As the basis of her doctoral dissertation for Wesley Theological Seminary, the Rev. Wanda Bynum Duckett explored how spoken word poetry can be used as a component of worship. Her work on her doctorate’s degree in urban ministry complete, at 1 p.m. March 22, Rev. Duckett presented her finding to the congregation of Mt. Zion United Methodist Church.

She detailed her journey in finding her voice as a poet, and then related it to the theological framework of sacred slam. Rev. Duckett explained that spoken word is intended for onstage performance, but believes it can be taken further. “What I am proposing with sacred slam is moving from the performance arena to the worship arena, so it’s no longer just entertainment, but also adoration, worship, and literature,” Rev. Duckett said. “It is strongly tied to storytelling, modern poetry, postmodern poetry, monologue theatre, and jazz. It’s kind of this eclectic morph thing that ends up in spoken word poetry.”

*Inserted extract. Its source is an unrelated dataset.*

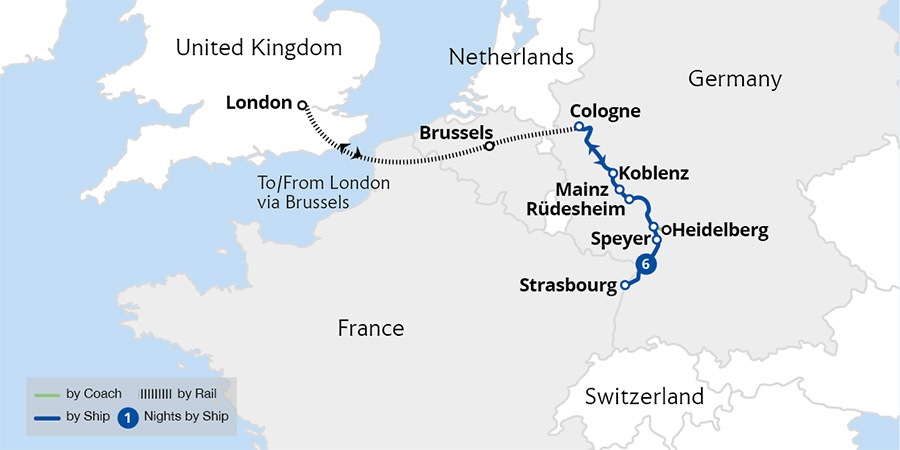 - Soak up the festive atmosphere in Speyer, Rüdesheim, Heidelberg and Strasbourg

“Spoken word deals with issues. Sometimes issues we don’t want to deal with in the context of worship. Spoken word handles those things poetically,” said Rev. Duckett. It’s a powerful and high-energy form of expression. It’s a way of getting stuff out.” She mentioned that many spoken word poetry demonstrations took place in response to the Trayvon Martin and George Zimmerman verdict.

Spoken word tends to come from a place of experiences, often derived from an urban setting. Spoken word is traditionally viewed as appealing to a younger crowd, but according to Rev. Duckett, it has the ability to reach anyone, regardless of age. Spoken word, she shared, consists of elements of Black preaching, including spiritual pharmacology, poetic recitation, imaginative insight, and social transformation.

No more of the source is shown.